■ ENTRIES SUPPLIED
******
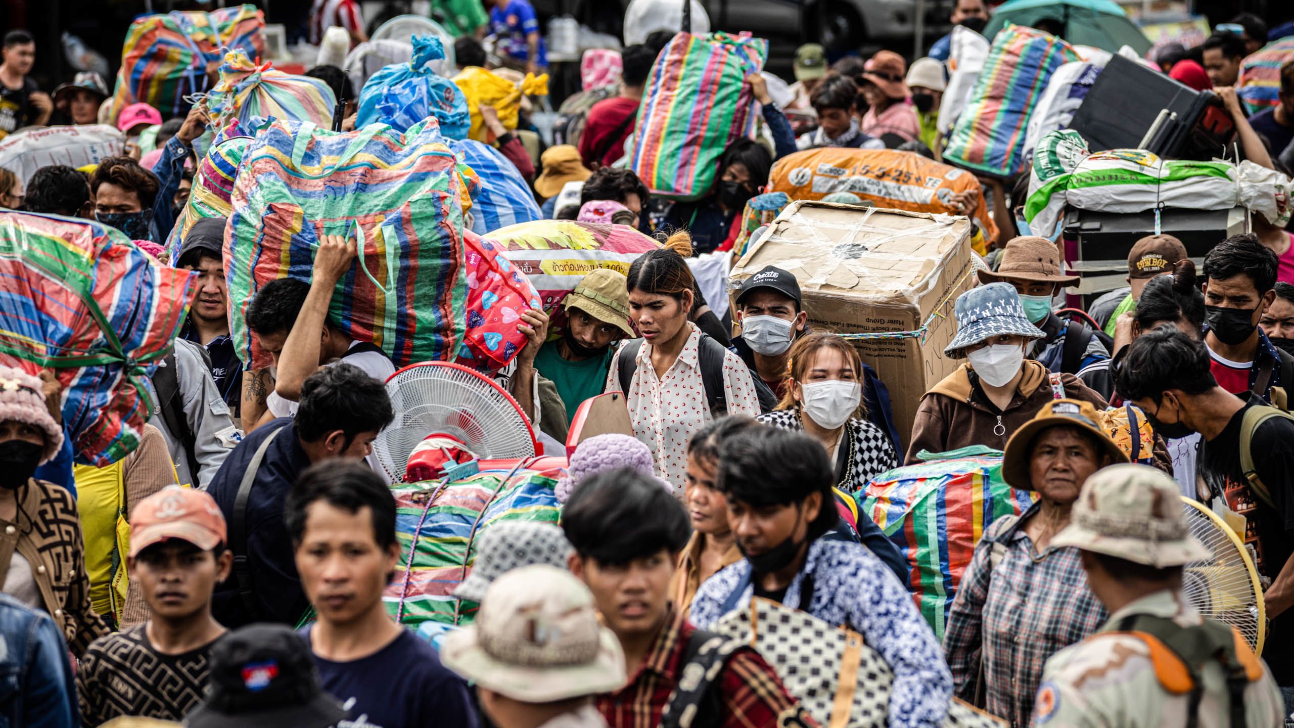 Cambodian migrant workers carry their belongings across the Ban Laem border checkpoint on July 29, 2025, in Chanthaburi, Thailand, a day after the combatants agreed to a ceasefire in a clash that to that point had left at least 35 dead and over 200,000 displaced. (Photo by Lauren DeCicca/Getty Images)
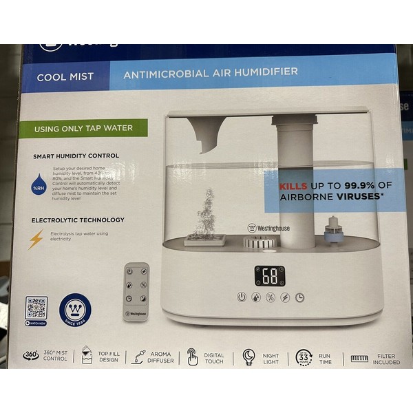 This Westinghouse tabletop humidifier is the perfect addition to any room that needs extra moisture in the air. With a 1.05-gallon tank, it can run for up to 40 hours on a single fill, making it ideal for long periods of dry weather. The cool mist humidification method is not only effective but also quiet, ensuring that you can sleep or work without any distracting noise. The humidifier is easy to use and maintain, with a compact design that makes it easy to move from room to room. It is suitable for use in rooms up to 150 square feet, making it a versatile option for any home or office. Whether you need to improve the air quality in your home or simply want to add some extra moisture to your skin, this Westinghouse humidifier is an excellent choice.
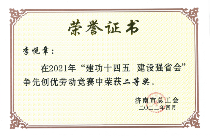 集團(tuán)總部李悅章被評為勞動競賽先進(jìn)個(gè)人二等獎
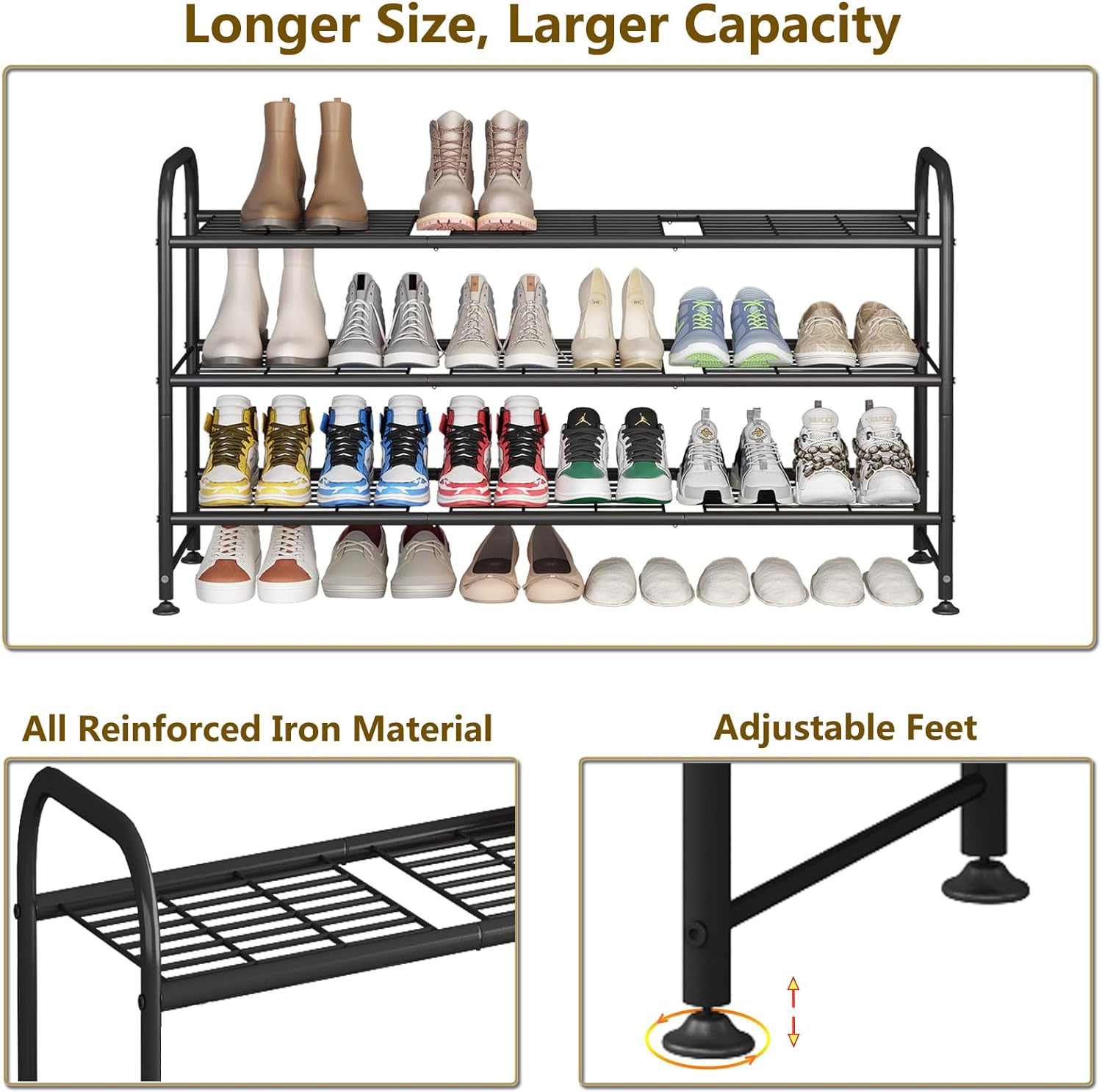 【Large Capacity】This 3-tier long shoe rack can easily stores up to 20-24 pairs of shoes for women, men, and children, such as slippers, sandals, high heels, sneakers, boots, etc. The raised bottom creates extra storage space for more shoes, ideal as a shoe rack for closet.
******
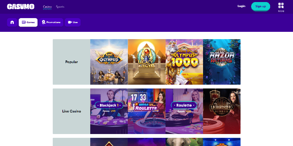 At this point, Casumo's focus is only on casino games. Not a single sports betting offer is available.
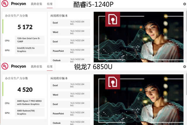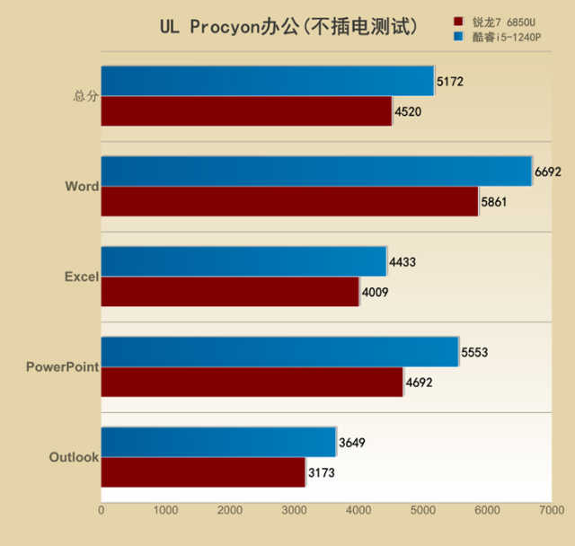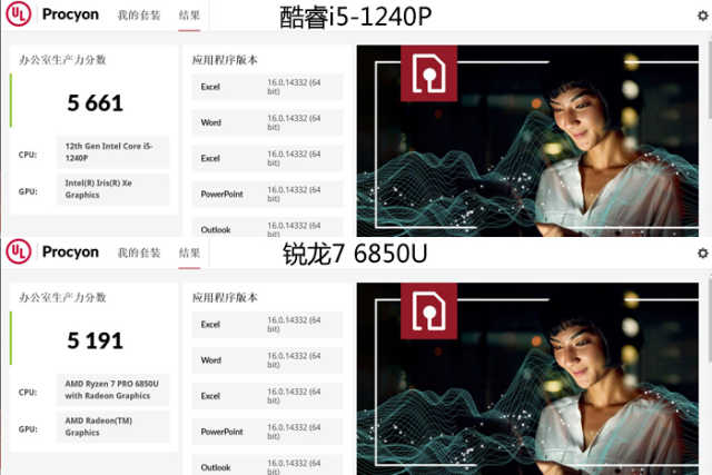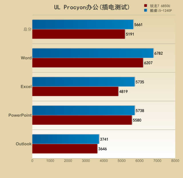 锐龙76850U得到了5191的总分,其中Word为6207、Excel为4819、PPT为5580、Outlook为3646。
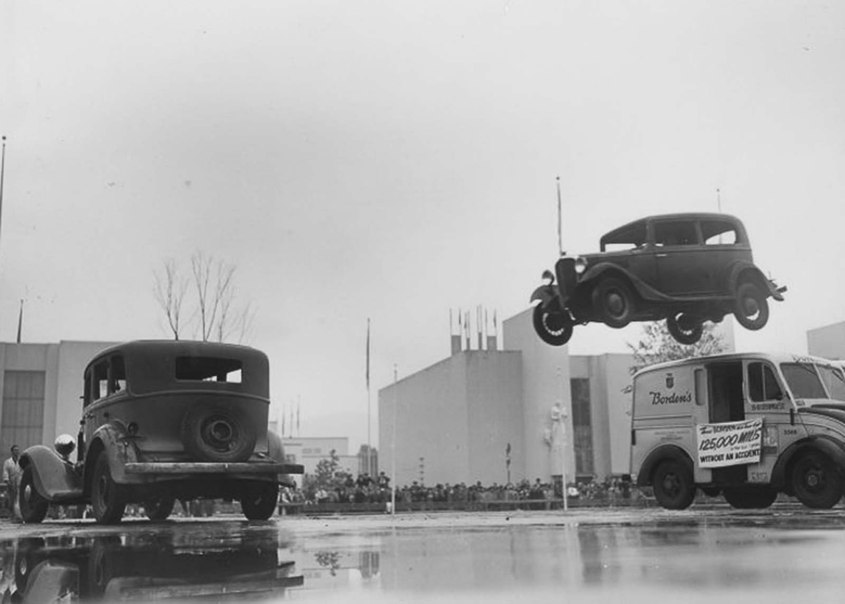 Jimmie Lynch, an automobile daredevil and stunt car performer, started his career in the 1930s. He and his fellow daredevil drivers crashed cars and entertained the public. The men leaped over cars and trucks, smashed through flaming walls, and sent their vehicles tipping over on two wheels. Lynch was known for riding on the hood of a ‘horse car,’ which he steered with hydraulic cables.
******
Give again, exactly as written above, every line from the one holding "锐龙76850U得到了519" to the one holding "Jimmie Lynch, an", with both ends kept and the pictures left out.

 锐龙76850U得到了5191的总分,其中Word为6207、Excel为4819、PPT为5580、Outlook为3646。
 Jimmie Lynch, an automobile daredevil and stunt car performer, started his career in the 1930s. He and his fellow daredevil drivers crashed cars and entertained the public. The men leaped over cars and trucks, smashed through flaming walls, and sent their vehicles tipping over on two wheels. Lynch was known for riding on the hood of a ‘horse car,’ which he steered with hydraulic cables.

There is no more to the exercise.